Start of GIVEN RECORDS
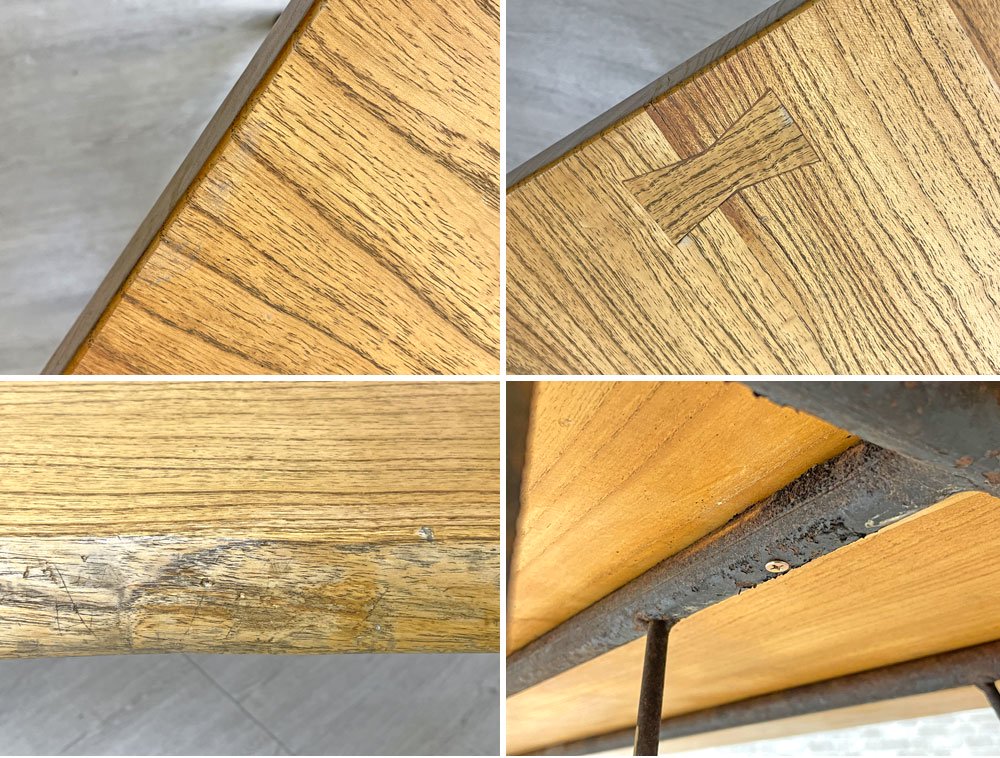 使用に伴う擦れや傷、色褪せ、くすみ、天板の反りなどがございます。また、脚部が全体的に錆ついており、触ると塗装表面が剥がれ落ちます。その他美観を大きく損ねるような大きな汚れや機能を損なうような大きなダメージなどはございません。
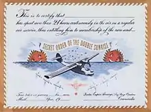 The Secret Order of the Double Sunrise was an illustrated certificate given to passengers aboard the flying boats of the Australia–England air link, to attest they had been airborne for more than 24 hours.[16][22]
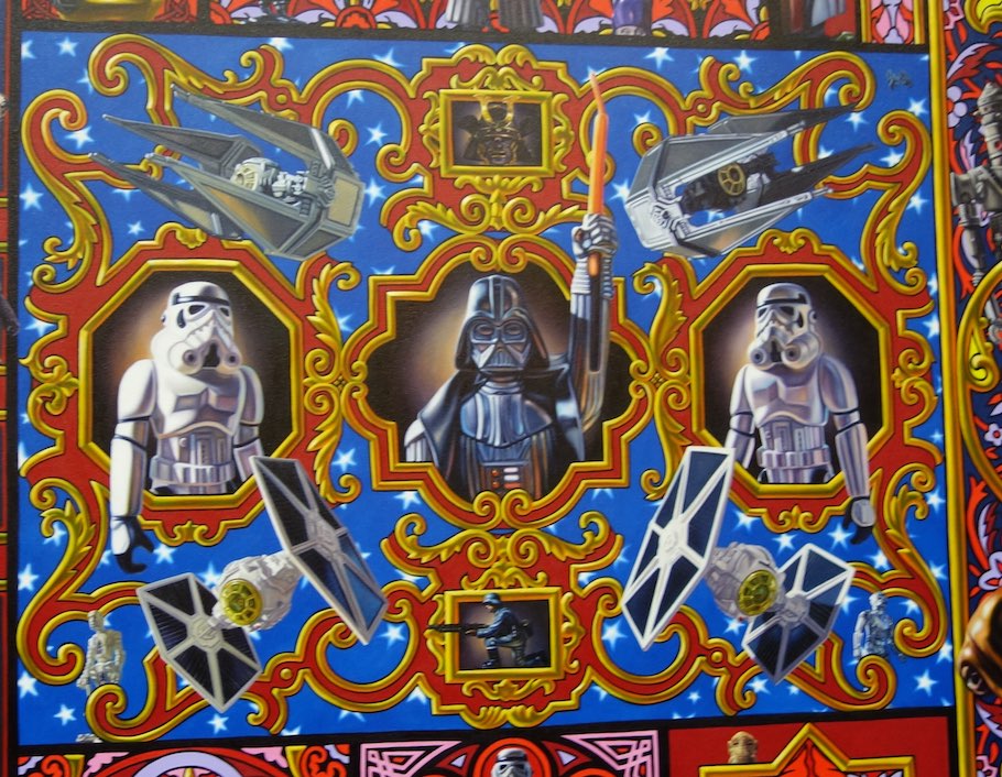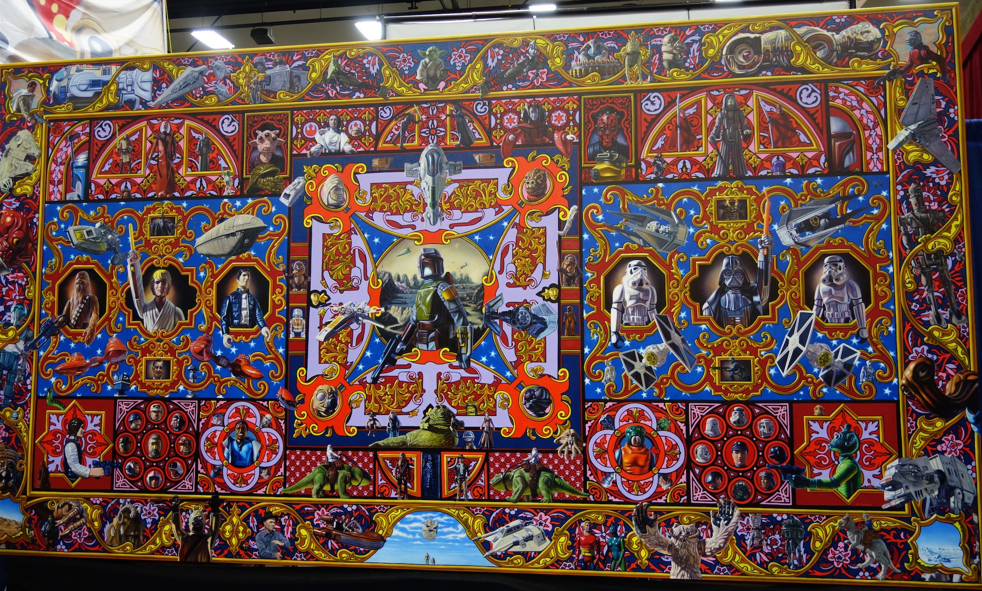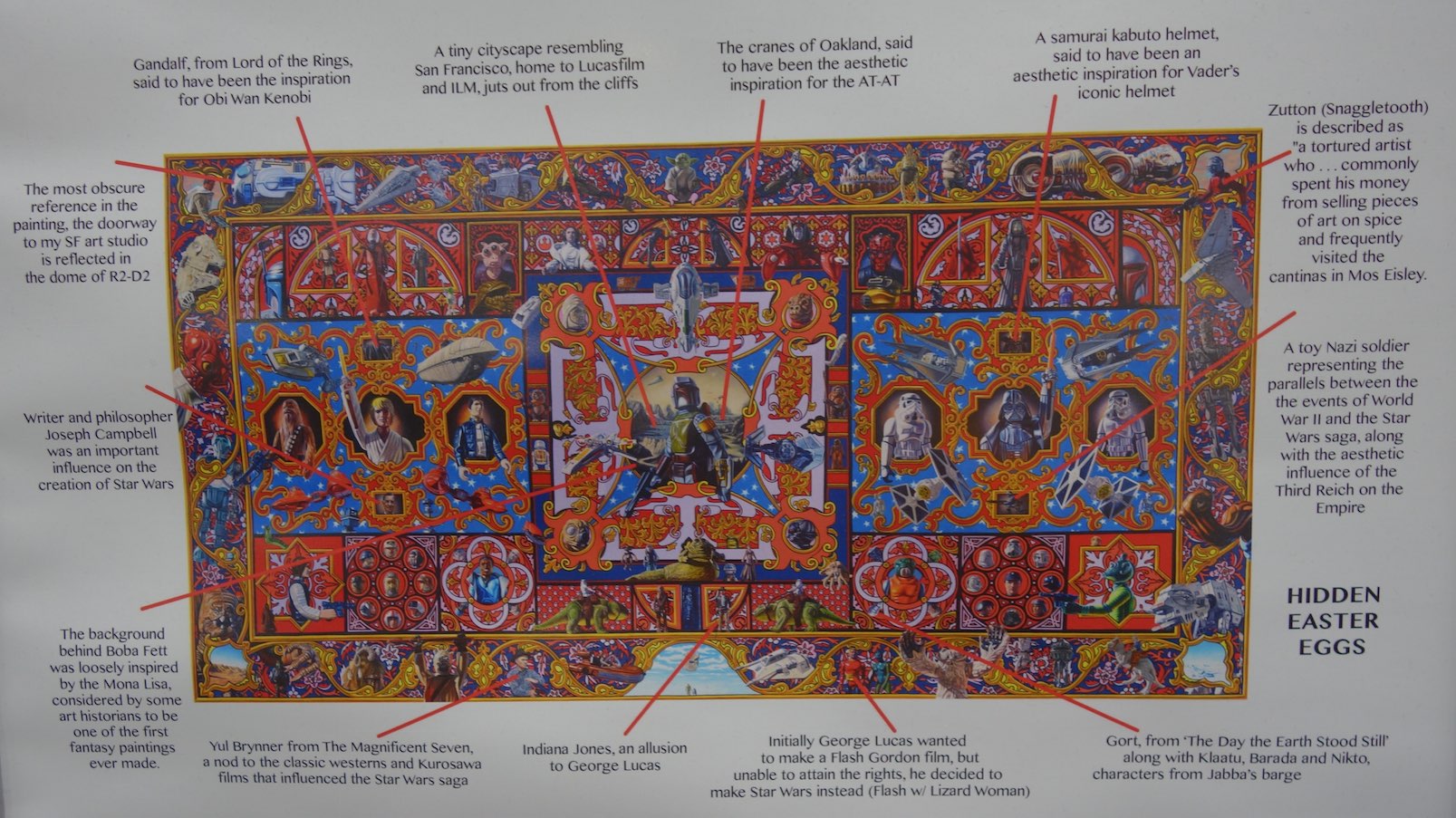 It took over 2000 hours of studio time and incoporates decorative motifs from many different cultures, including French tapestry design, Gothic stained glass, Persian and Moroccan rugs, illuminated manuscripts, and Eastern mandalas, and over 150 Star Wars images.
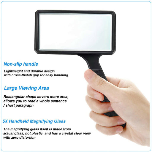 View full details5X Handheld Magnifying Glass with Large Lens - Ergonomic Non-Slip Handle for Reading, Hobbies & Inspection Experience clarity and comfort like ...
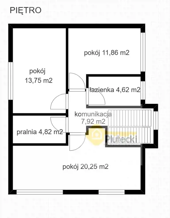 - I piętro: 3 ustawne, spore sypialnie, druga łazienka, pralnia/garderoba
End of GIVEN RECORDS
**TRY IT:** Reproduce the material exactly; omit the pictures.

**WRITTEN RESPONSE:**
 使用に伴う擦れや傷、色褪せ、くすみ、天板の反りなどがございます。また、脚部が全体的に錆ついており、触ると塗装表面が剥がれ落ちます。その他美観を大きく損ねるような大きな汚れや機能を損なうような大きなダメージなどはございません。
 The Secret Order of the Double Sunrise was an illustrated certificate given to passengers aboard the flying boats of the Australia–England air link, to attest they had been airborne for more than 24 hours.[16][22]
 It took over 2000 hours of studio time and incoporates decorative motifs from many different cultures, including French tapestry design, Gothic stained glass, Persian and Moroccan rugs, illuminated manuscripts, and Eastern mandalas, and over 150 Star Wars images.
 View full details5X Handheld Magnifying Glass with Large Lens - Ergonomic Non-Slip Handle for Reading, Hobbies & Inspection Experience clarity and comfort like ...
 - I piętro: 3 ustawne, spore sypialnie, druga łazienka, pralnia/garderoba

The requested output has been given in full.